• Information supplied:
-----

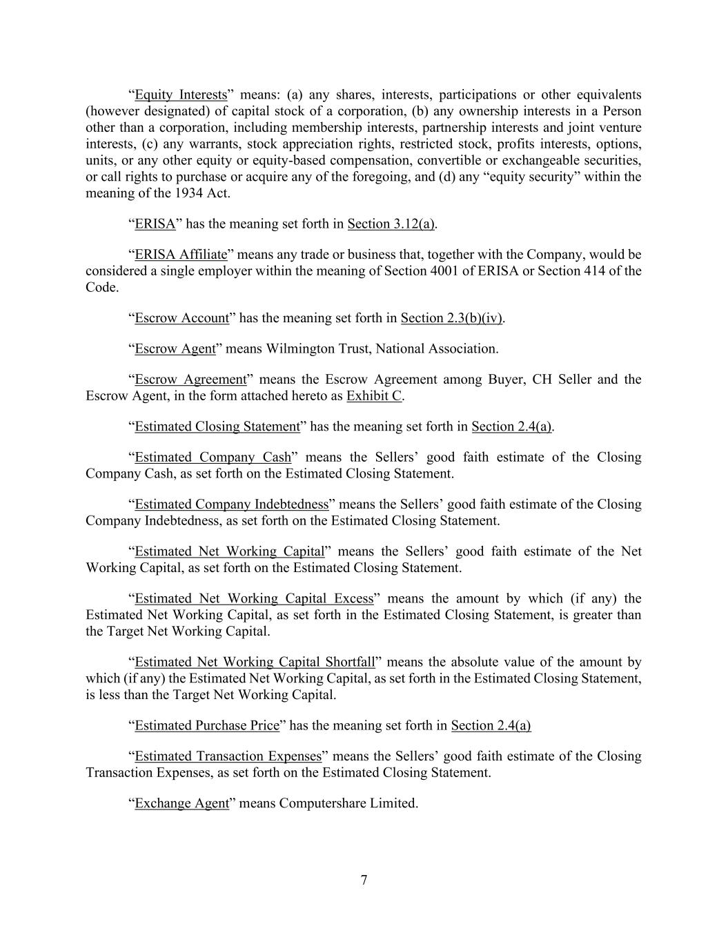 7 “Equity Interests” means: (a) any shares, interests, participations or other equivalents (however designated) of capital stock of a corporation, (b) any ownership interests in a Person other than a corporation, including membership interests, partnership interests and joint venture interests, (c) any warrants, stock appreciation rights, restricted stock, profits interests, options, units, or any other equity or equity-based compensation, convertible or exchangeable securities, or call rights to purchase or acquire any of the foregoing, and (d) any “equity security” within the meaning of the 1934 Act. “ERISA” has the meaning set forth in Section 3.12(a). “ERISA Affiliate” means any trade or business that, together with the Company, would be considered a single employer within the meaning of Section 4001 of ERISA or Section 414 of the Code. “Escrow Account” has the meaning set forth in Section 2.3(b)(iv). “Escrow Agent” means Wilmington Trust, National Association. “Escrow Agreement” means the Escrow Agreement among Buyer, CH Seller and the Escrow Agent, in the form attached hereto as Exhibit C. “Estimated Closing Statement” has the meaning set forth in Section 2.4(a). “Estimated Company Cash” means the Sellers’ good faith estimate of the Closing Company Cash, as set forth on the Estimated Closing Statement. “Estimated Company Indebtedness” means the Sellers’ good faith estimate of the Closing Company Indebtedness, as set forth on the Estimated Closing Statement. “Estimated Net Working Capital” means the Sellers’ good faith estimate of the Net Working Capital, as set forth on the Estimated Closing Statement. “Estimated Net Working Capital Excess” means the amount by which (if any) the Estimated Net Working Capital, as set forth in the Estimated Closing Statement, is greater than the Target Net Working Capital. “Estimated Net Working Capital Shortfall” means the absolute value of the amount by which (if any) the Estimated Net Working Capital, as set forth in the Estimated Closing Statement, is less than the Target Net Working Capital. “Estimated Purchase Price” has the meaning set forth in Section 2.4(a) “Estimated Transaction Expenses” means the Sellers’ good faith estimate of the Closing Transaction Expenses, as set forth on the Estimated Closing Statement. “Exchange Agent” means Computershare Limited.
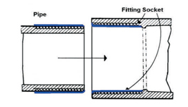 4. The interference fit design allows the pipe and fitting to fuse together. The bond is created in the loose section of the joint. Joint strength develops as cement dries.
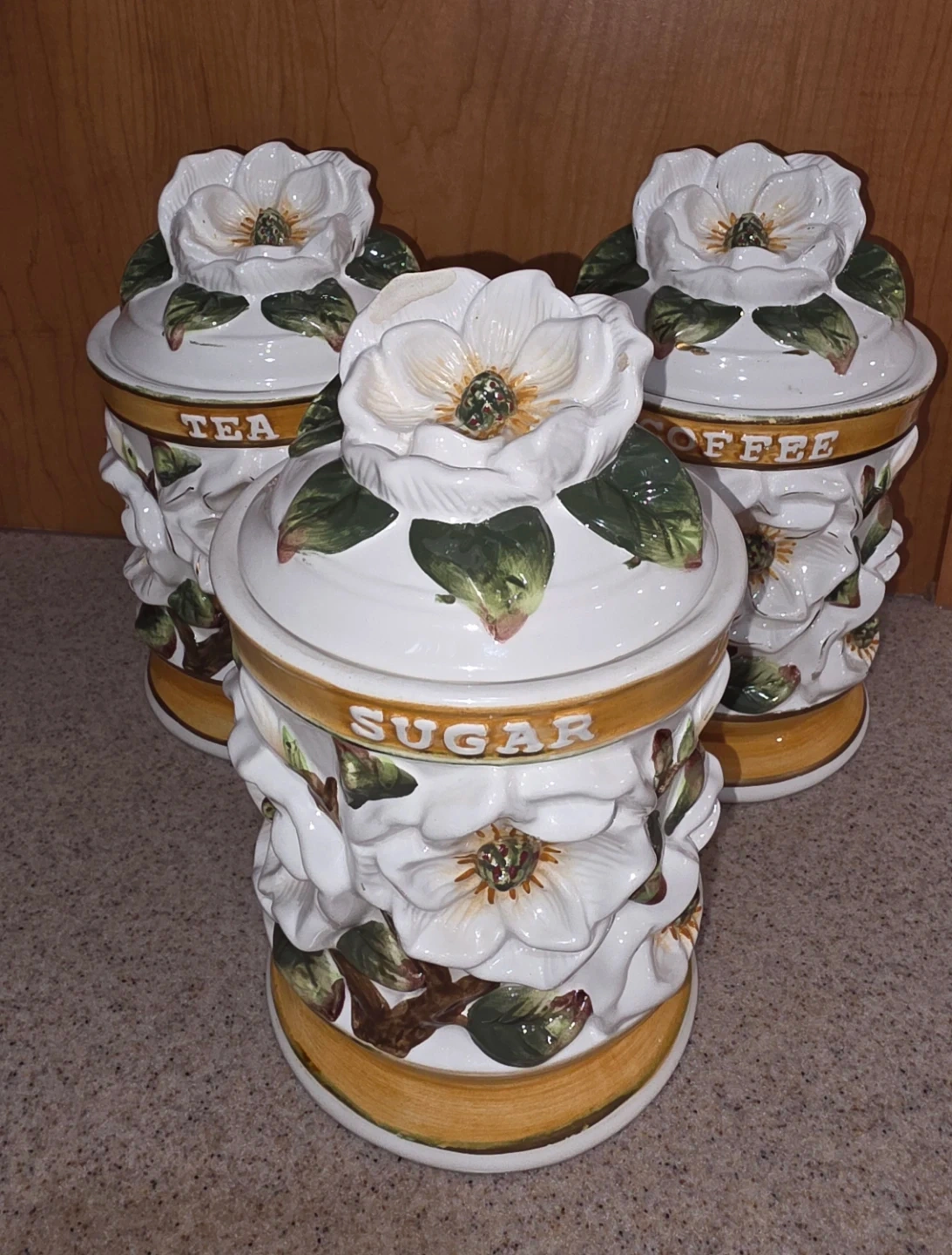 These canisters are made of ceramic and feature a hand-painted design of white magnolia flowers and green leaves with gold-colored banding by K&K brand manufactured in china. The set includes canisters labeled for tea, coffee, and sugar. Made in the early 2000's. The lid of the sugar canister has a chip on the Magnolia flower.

-----

• What you will do:
Your copy should hold only the lines from the line with "4. The interference" through the end of the data above, both ends included, transcribed exactly and without pictures.

• Exercise result:
 4. The interference fit design allows the pipe and fitting to fuse together. The bond is created in the loose section of the joint. Joint strength develops as cement dries.
 These canisters are made of ceramic and feature a hand-painted design of white magnolia flowers and green leaves with gold-colored banding by K&K brand manufactured in china. The set includes canisters labeled for tea, coffee, and sugar. Made in the early 2000's. The lid of the sugar canister has a chip on the Magnolia flower.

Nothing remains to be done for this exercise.